#### Exercise goal
Pictures excluded, retype the lines from the one containing "Nous avons dormi" through the last line of the data below, both included.

>>>

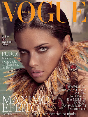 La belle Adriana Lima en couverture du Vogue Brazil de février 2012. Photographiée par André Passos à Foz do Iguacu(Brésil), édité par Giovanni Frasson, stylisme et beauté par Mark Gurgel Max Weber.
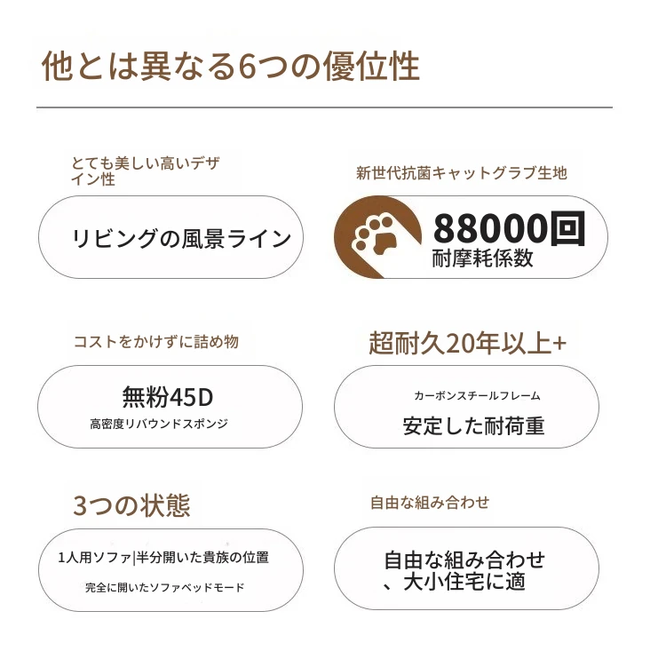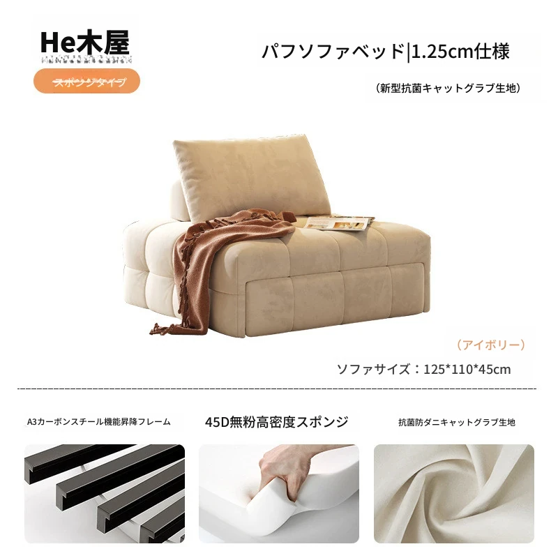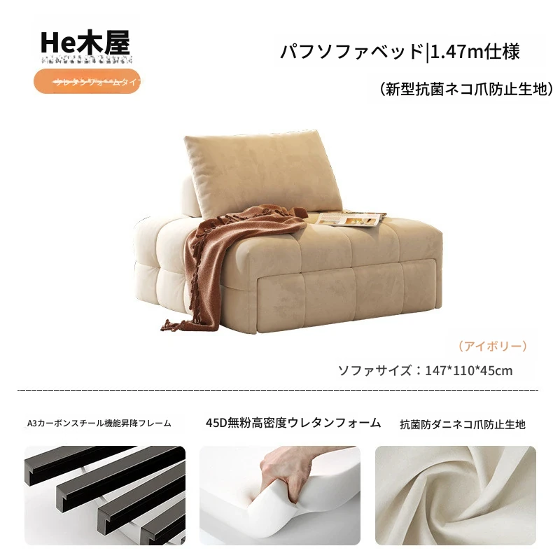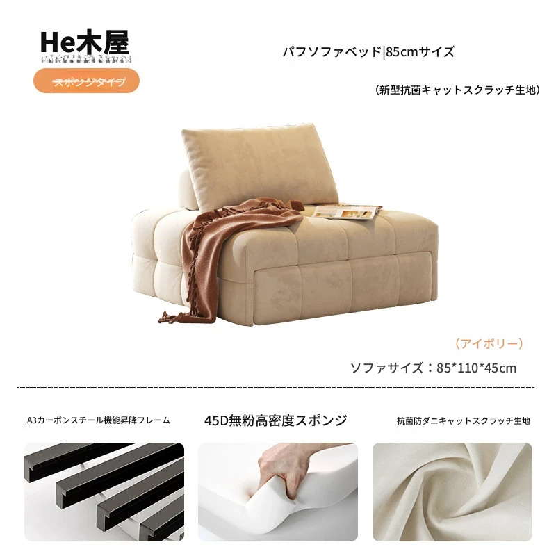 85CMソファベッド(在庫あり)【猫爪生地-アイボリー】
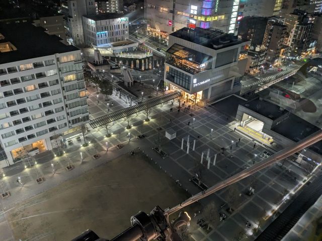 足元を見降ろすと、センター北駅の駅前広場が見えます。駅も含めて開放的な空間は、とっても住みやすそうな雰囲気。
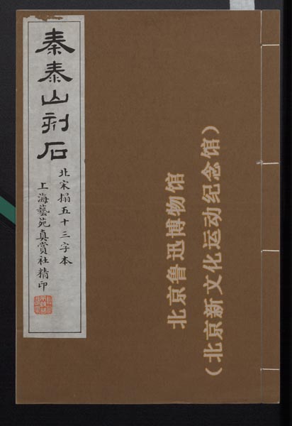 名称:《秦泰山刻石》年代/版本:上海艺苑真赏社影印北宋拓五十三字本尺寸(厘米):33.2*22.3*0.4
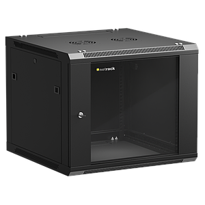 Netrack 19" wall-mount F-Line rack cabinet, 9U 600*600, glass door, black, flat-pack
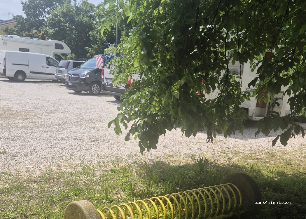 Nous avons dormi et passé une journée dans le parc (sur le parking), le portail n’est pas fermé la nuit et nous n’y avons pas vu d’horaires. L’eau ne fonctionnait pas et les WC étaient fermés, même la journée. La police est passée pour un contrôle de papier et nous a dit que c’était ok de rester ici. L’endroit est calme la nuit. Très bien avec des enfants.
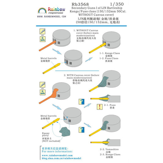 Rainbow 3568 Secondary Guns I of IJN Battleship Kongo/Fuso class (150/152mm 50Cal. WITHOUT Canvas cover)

<<<

#### Solution below
 Nous avons dormi et passé une journée dans le parc (sur le parking), le portail n’est pas fermé la nuit et nous n’y avons pas vu d’horaires. L’eau ne fonctionnait pas et les WC étaient fermés, même la journée. La police est passée pour un contrôle de papier et nous a dit que c’était ok de rester ici. L’endroit est calme la nuit. Très bien avec des enfants.
 Rainbow 3568 Secondary Guns I of IJN Battleship Kongo/Fuso class (150/152mm 50Cal. WITHOUT Canvas cover)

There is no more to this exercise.